What you return must match the data below exactly, minus any pictures.

(DATA FOR THIS EXERCISE begins)

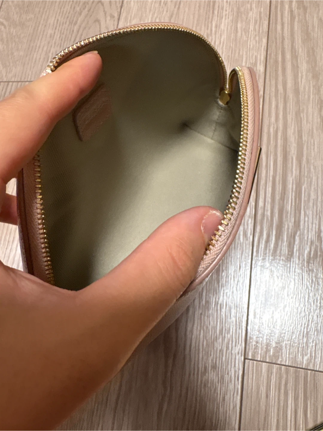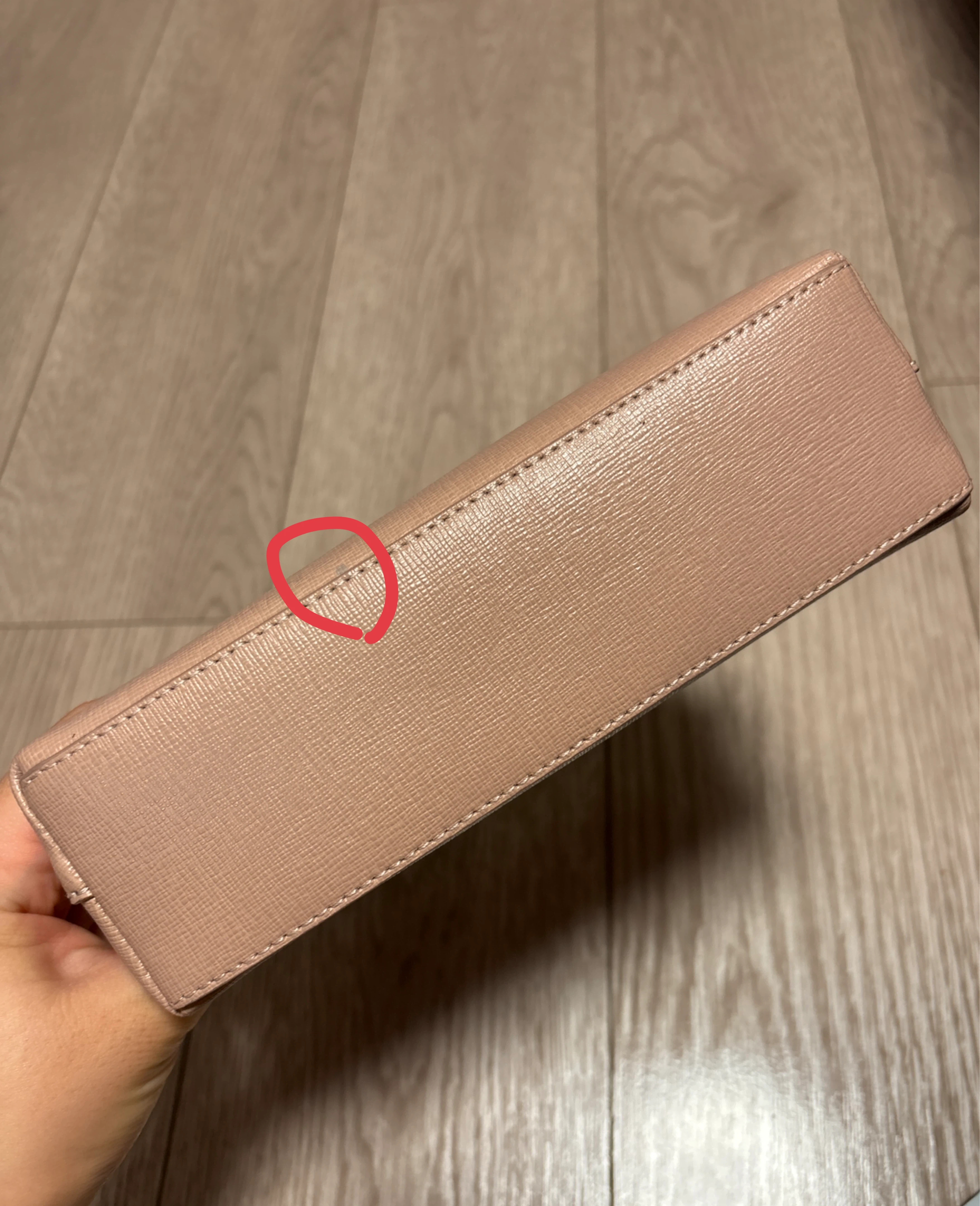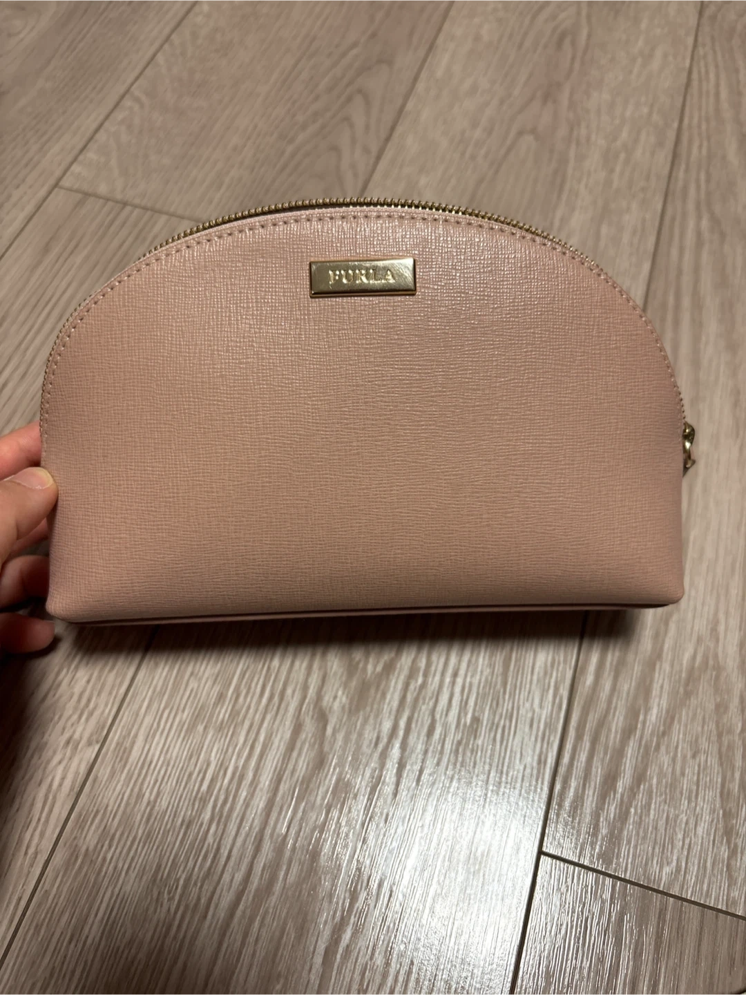 FURLAのポーチです。 数年前にアウトレットで購入しました。 ★サイズ(外寸、素人採寸) 高さ(1番高い所)13cm×横20cm×マチ6cm ★お色 ピンクベージュのような色です。 未使用品ですが、長いこと保管していました。 角スレはありませんが、購入時から正面の底に近いところに 薄い汚れがあります。(3枚目ご参照ください) 完璧を求める方はご遠慮ください。
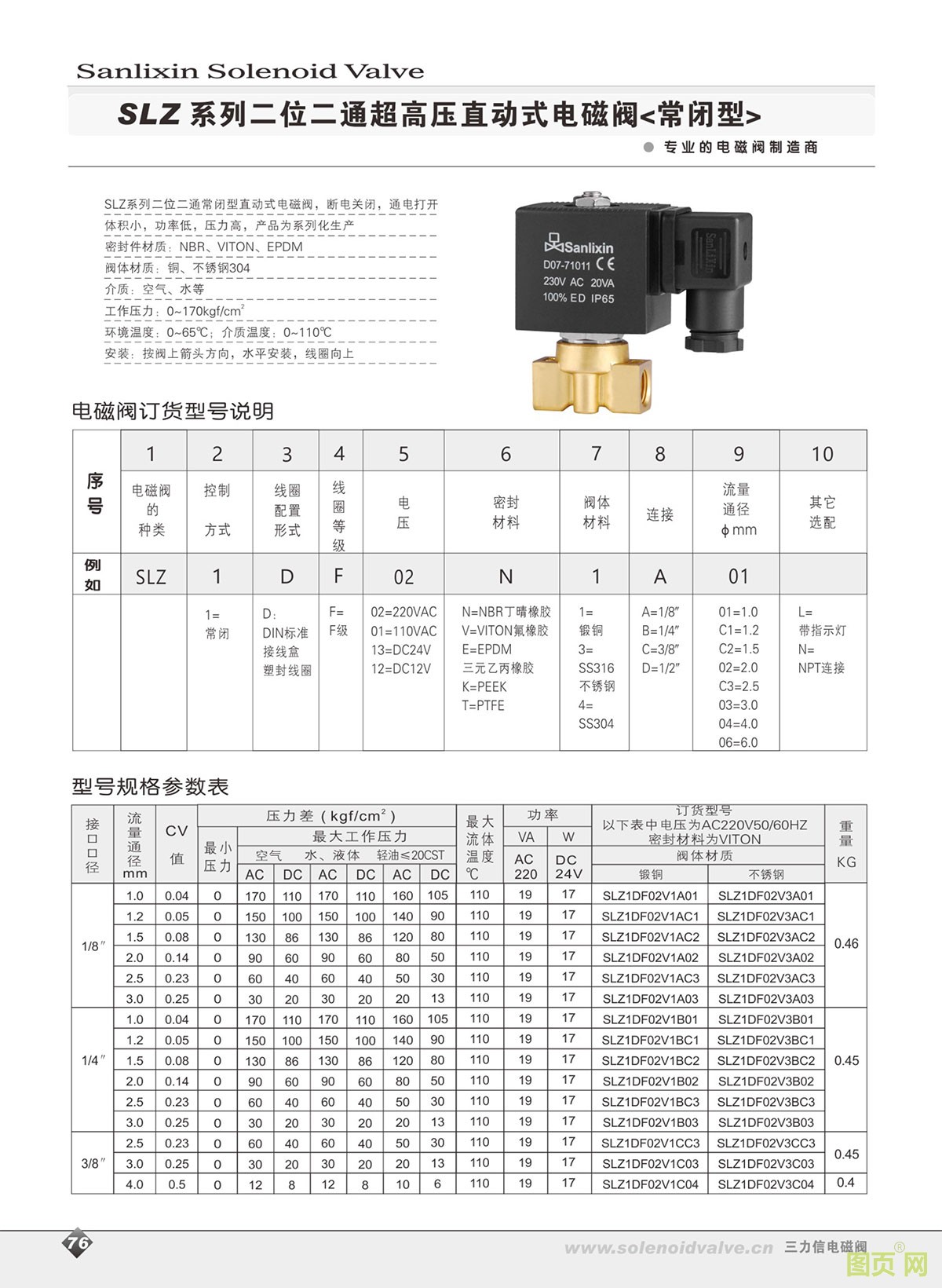 】自行對(duì)信息/圖片/參數(shù)等的真實(shí)性、準(zhǔn)確性和合法性負(fù)責(zé),本平臺(tái)(本網(wǎng)站)僅提供展示服務(wù),請(qǐng)謹(jǐn)慎交易,因交易而產(chǎn)生的法律關(guān)系及法律糾紛由您自行協(xié)商解決,本平臺(tái)(本網(wǎng)站)對(duì)此不承擔(dān)任何責(zé)任。您在本網(wǎng)頁(yè)可以瀏覽【三力信_(tái)SLZ 系列二位二通高壓直動(dòng)式電磁閥/常閉型_電磁閥】有關(guān)的信息/圖片/價(jià)格等及提供
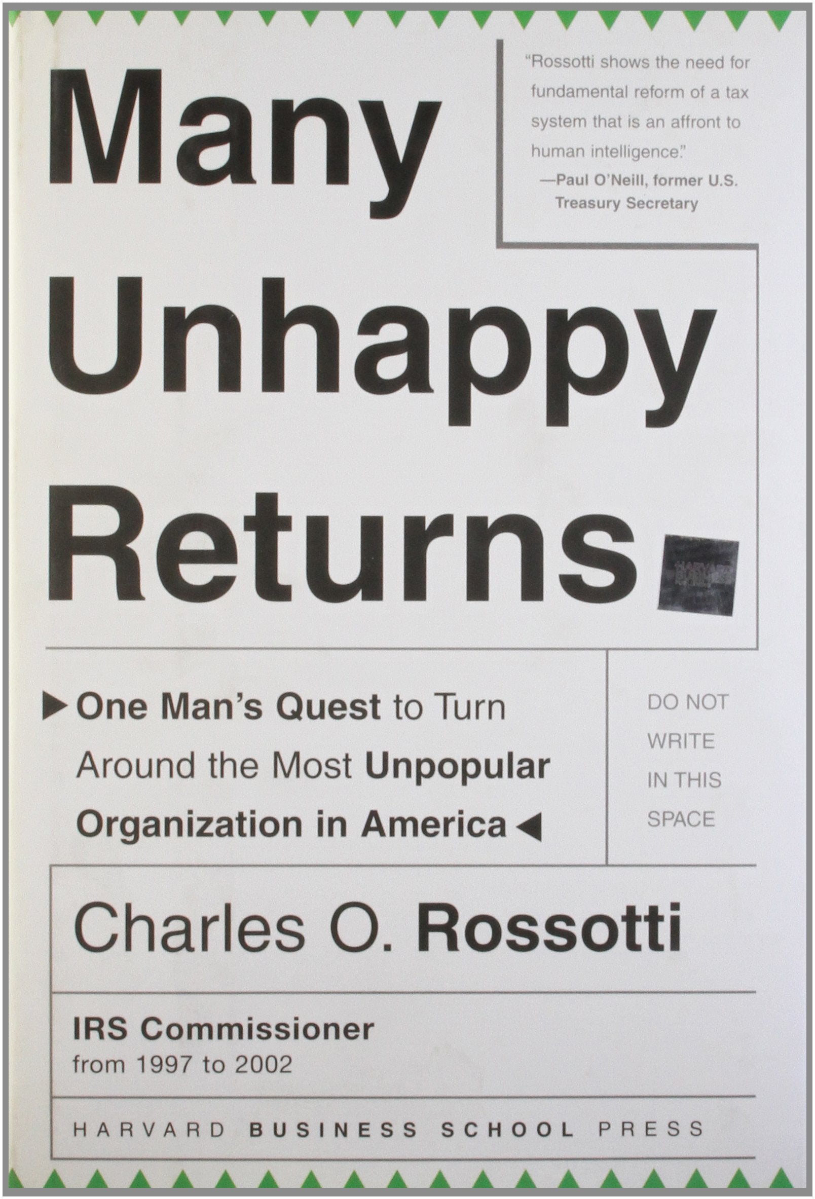 Many Unhappy Returns: One Man's Quest To Turn Around The Most Unpopular Organization In America (Leadership for the Common Good)
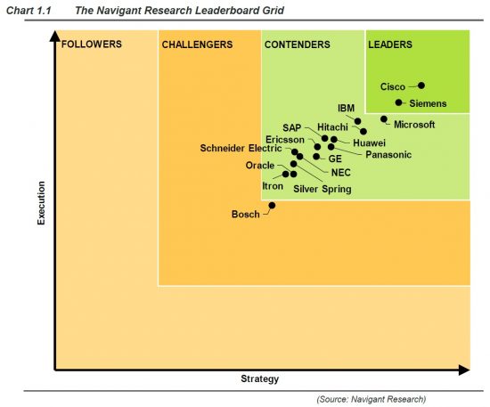 “Cisco’s position as the leader in the smart cities market is based on its integrated perspective on urban innovation, strong sector-specific solutions, and a commitment to continued thought leadership and city engagement,” noted Eric Woods, research director at Navigant Research. “With the development of its connected digital platform and a range of vertical solution offerings, Cisco is providing an integrated environment for cities moving to IoT-based solutions and at the same time putting its smart city program onto a stronger commercial basis.”
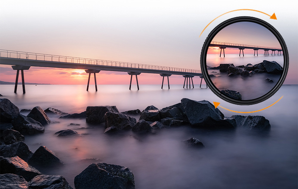 Filtrul ND ofera ND8-ND2000 reglabil la infinit. Acest lucru va permite sa reglati nivelul de lumina care intra in obiectiv. Se va dovedi util la fotografierea scenelor dinamice, cum ar fi apa curgatoare sau obiectele in miscare, permitandu-va sa creati efecte de blur.
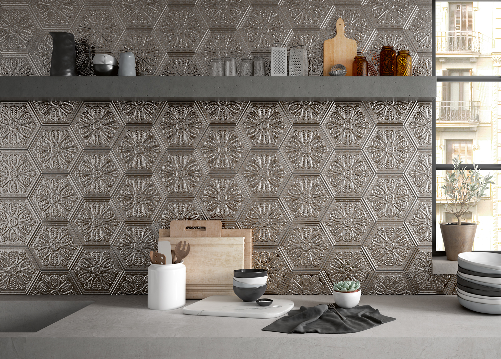 Zinc by Apavisa are 3D gres porcelain relief tiles that come in a variety of formats including a 25x29cm hexagon.
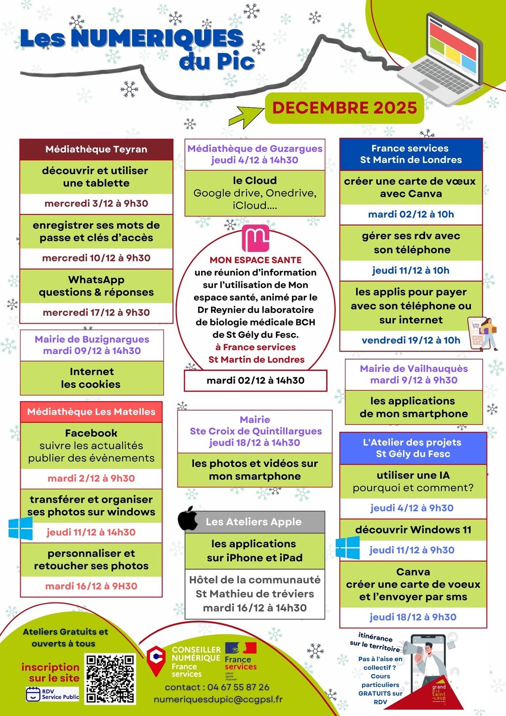 Votre espace France Services du Grand Pic Saint-Loup vous propose ses ateliers numériques pour le mois de décembre.

(DATA FOR THIS EXERCISE ends)

# [RESPONSE TO THIS TASK]
 FURLAのポーチです。 数年前にアウトレットで購入しました。 ★サイズ(外寸、素人採寸) 高さ(1番高い所)13cm×横20cm×マチ6cm ★お色 ピンクベージュのような色です。 未使用品ですが、長いこと保管していました。 角スレはありませんが、購入時から正面の底に近いところに 薄い汚れがあります。(3枚目ご参照ください) 完璧を求める方はご遠慮ください。
 】自行對(duì)信息/圖片/參數(shù)等的真實(shí)性、準(zhǔn)確性和合法性負(fù)責(zé),本平臺(tái)(本網(wǎng)站)僅提供展示服務(wù),請(qǐng)謹(jǐn)慎交易,因交易而產(chǎn)生的法律關(guān)系及法律糾紛由您自行協(xié)商解決,本平臺(tái)(本網(wǎng)站)對(duì)此不承擔(dān)任何責(zé)任。您在本網(wǎng)頁(yè)可以瀏覽【三力信_(tái)SLZ 系列二位二通高壓直動(dòng)式電磁閥/常閉型_電磁閥】有關(guān)的信息/圖片/價(jià)格等及提供
 Many Unhappy Returns: One Man's Quest To Turn Around The Most Unpopular Organization In America (Leadership for the Common Good)
 “Cisco’s position as the leader in the smart cities market is based on its integrated perspective on urban innovation, strong sector-specific solutions, and a commitment to continued thought leadership and city engagement,” noted Eric Woods, research director at Navigant Research. “With the development of its connected digital platform and a range of vertical solution offerings, Cisco is providing an integrated environment for cities moving to IoT-based solutions and at the same time putting its smart city program onto a stronger commercial basis.”
 Filtrul ND ofera ND8-ND2000 reglabil la infinit. Acest lucru va permite sa reglati nivelul de lumina care intra in obiectiv. Se va dovedi util la fotografierea scenelor dinamice, cum ar fi apa curgatoare sau obiectele in miscare, permitandu-va sa creati efecte de blur.
 Zinc by Apavisa are 3D gres porcelain relief tiles that come in a variety of formats including a 25x29cm hexagon.
 Votre espace France Services du Grand Pic Saint-Loup vous propose ses ateliers numériques pour le mois de décembre.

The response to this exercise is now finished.